Während seines Aufenthalts in Frankfurt im Sommersemester 2024 hält Marc Flandreau einen öffentlichen Vortrag über "The Law and Economics of Governed Platforms: Lessons from the Origins of the London Stock Exchange" (22. Mai 2024) und organisiert eine internationale Konferenz über die Restrukturierung internationaler Staatsschulden (20. Juni 2024). Außerdem wird er im Rahmen der Masterstudiengänge Money & Finance und International Economics and Economic Policy am Fachbereich Wirtschaftswissenschaften der Goethe-Universität Frankfurt ein Seminar zum Thema "The International Monetary System: History and Prospects" anbieten.

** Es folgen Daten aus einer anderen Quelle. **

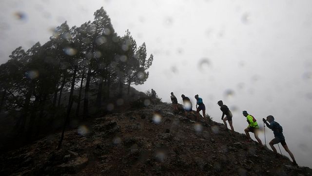 Le condizioni meteo sono “appalling”, tremende. Siamo partiti da Maspalomas con sole pieno e temperatura ideale, raggiungiamo l’ombelico dell’isola in un panorama (inesistente!) di nebbia fitta, vento forte, pioggia e basse temperature che i bollettini meteo (e gli avvisi degli organizzatori) avevano annunciato ma che noi - fino all’ultimo - abbiamo sperato non si addensassero (nel vero senso della parola) sul cielo del Campamento de Garanon dal quale prende il via la nostra prova. Rischiando di accumulare ritardo sul suo programma di assistenza agli atleti Brooks Trail Runners, Tobias decide di non abbandonarci ancora al nostro destino e ci permette di cambiarci in macchina, con il riscaldamento al massimo e fino ad una trentina di minuti prima dello start. Sì ma noi chi? Ah, certo: all’invito di Brooks di non limitare il viaggio all’impegno giornalistico ed ampliarlo invece a quello agonistico (e chi se la lascia scappare, un’occasione così) ha aderito anche Nazzareno Salvati, Guida Alpina di Vicenza ma residente a St. Christophe, comune della cintura di Aosta, al quale faccio (anche qui) i miei complimenti per l’ottimo 61esimo posto finale su quasi ottocento concorrenti. Salutiamo quindi il nostro accompagnatore e - dandogli appuntamento all’arrivo e comunque a metà pomeriggio (abbondante, nel mio caso) - ci avviamo ormai ognuno per sé in discesa nella pineta e dentro il fango già abbondante che prelude alla radura che ospita il via della prova.

Professor Flandreau ist der achte Gastprofessor im Rahmen der Stiftungsgastprofessur “Financial History” an der Goethe Universität Frankfurt. Im Rahmen dieser Professur werden international renommierte Experten der Banken- und Finanzgeschichte eingeladen, ihre Forschung und Methoden mit Wissenschaftlern, Studierenden und der interessierten Öffentlichkeit in Frankfurt zu teilen. Kooperationspartner sind das Leibniz-Institut für Finanzmarktforschung SAFE am House of Finance und das Institut für Bank- und Finanzgeschichte. Bisherige Gastprofessoren waren Benjamin Friedman, Harvard University (2015), Caroline Fohlin, Emory University, Atlanta (2016), Hans-Joachim Voth, Universität Zürich (2017), Harold James, Princeton University (2018), Barry Eichengreen, University of California, Berkeley (2019), Catherine R. Schenk, Oxford University (2021/2) und Eugene N. White, Rutgers University (2023).
Die Gastprofessur wurde 2014 anlässlich des hundertjährigen Bestehens der Goethe-Universität vom Bankhaus Metzler und der Edmond de Rothschild Gruppe gestiftet. Seit 2018 wird sie vom Metzler Bankhaus und der Friedrich Flick Förderungsstiftung gefördert.